I met up with some friends at a favourite local dish restaurant a couple of weeks ago. I had not been there for over two years, so the sizeable portions of practically all the varieties one used to enjoy pre-Covid have shrunk in size.

They have even changed their serving plates and bowls to accommodate the size of the shrunk portions being served. Now you cannot eat and ask for your leftover portions to be packed for you to take home as before. Inflation and high cost of food have brought us thus far.

In Accra today, the favourite ball of kenkey which used to sell for GHC2 has shrunk to the size of a child’s fist. It has fast become pricey for a decent kenkey meal.

I love pastries; never mind its dire effects if taken in excesses. Thankfully, in today’s times, affordability even stops one from excessive indulgence.

I stopped recently at one of the city’s popular pastry shops for a variety of snacks.

To my surprise, the usual sizes of meat and chicken pies, as well as Cornish pasty have all shrunk in size with barely any filling.

If you do check-in at “Hausa koko” joints once in a while, just notice how the popular and delicious spicy porridge is now sparingly dished out and the price per scoop has also been increased. The same goes for the usual accompaniment, “koose”.

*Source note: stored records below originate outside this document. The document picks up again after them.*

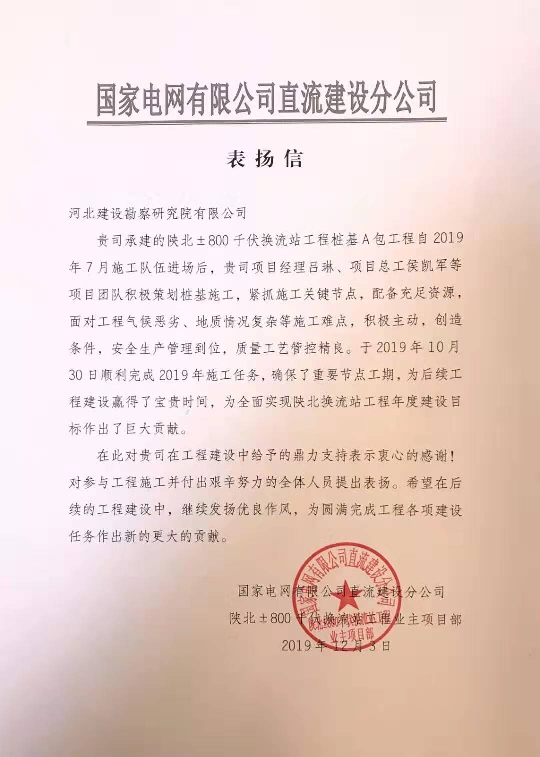 另有陜北換流站項目部也收到國家電網(wǎng)直流建設分公司的感謝信,該項目自2019年7月進場后,在項目經(jīng)理呂琳、項目總工侯凱軍等精心組織和艱苦努力下,順利完成施工任務,確保了重要節(jié)點工期,為后續(xù)工程建設贏得了寶貴時間,為全面實現(xiàn)陜北換流站工程年度建設目標作出巨大貢獻,受到業(yè)主的充分肯定和高度表揚。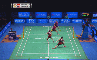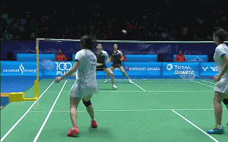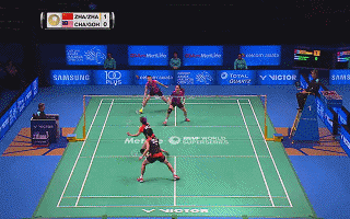 当张楠吊球时,观察赵芸蕾的移动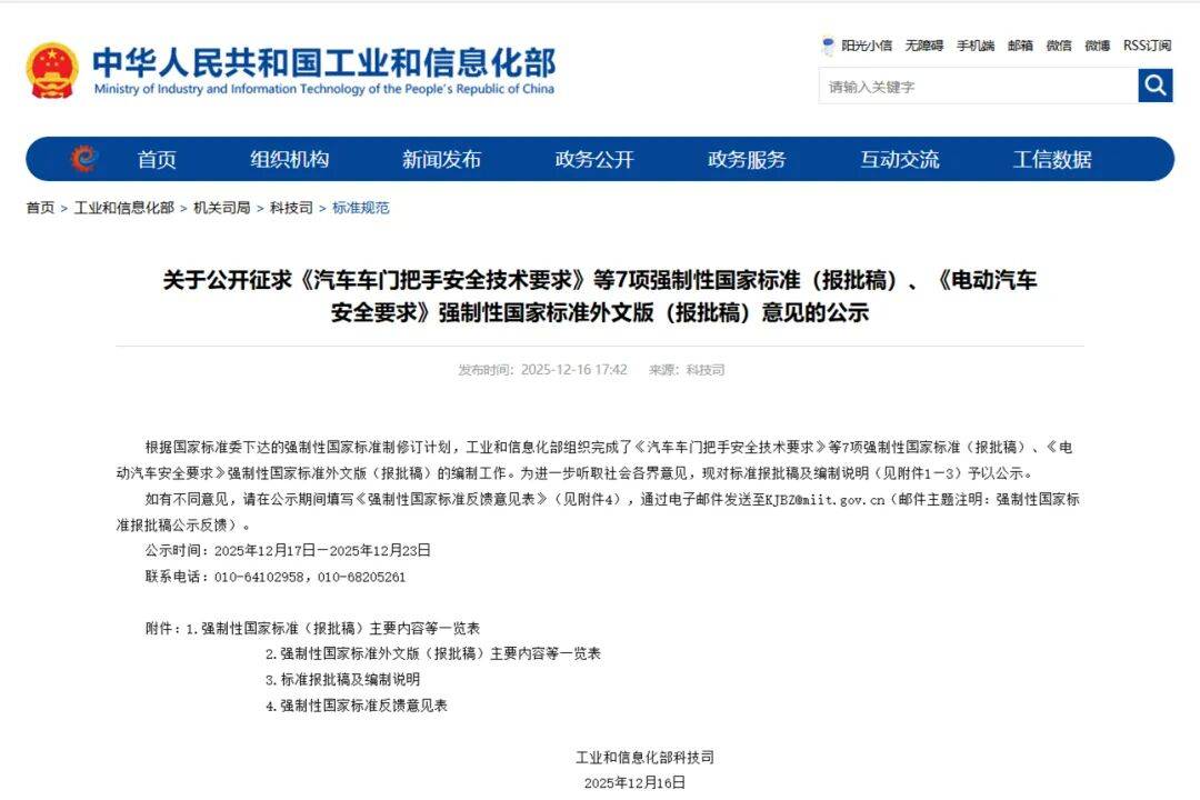 12月中旬,工信部一则《汽车车门把手安全技术要求》的公示,给火了快十年的隐藏式门把手按下了“减速键”。

Generally, therefore, cooked foods out there for sale have not only shrunk in servings, they have become quite pricey too.

Inflation

One can safely say that Inflation has been the causative factor. Food prices these days do not stay for more than two days, as if they are in a race for a destination. A finger of plantain for GHC5 and a finger of banana for GHC1 sound outrageous, but you can bet on a different price next time you check on them. Sometimes, one wonders if sellers are just playing games with numbers.

Food apart, I discovered just this week that some product manufacturers are also busy in the game of increased prices and shrunk sizes. One has to have an eye to see the game pattern.

An acquaintance recently drew my attention to the size of a popular toilet tissue on the market. She sent her driver to a shop to get her some items including the favourite toilet tissue she has been purchasing.

To her amazement, the size of the toilet tissue had been reduced but the price had also increased. We joked over it but it is all the inflation effect the manufacturer may be using to survive.

It reminded me of what I have noticed over time with a popular multi-purpose soap. It has been reduced in size, a shadow of its own former self.

One would not be far from wrong to say that inflation has been the spoils of the COVID-19 war. The pandemic has brought the entire world down, with inflation affecting citizens very badly.

A Pew Research in the US, according to US’s CNBC, puts 70 per cent of Americans as apparently calling inflation “a very big problem”. Well, it is not a US peculiar problem.

The pinch is felt all over.

In the United Kingdom (UK), the same problem of rising inflation exists from fuel to food to houses and vehicles and citizens are on the back of their government to do something about it.

From France to Germany and all over Europe, as well as Asia, inflation is on an upward climb. It is described as unprecedented in some cases, never seen its like in their respective countries.

Unfortunately, the prediction by experts is that things will get worse before they get better. I tend to believe that if the pandemic has had this damaging effect on world economies and hence inflation, then, with the announcement of a new variant of COVID-19 said to be even more vengeful than Omicron, inflation is going to be a thorn in the flesh of nations, and Ghana is no exception.

One definitely is in for a long haul and the need to brace up for rising inflation and galloping price increases for some time to come.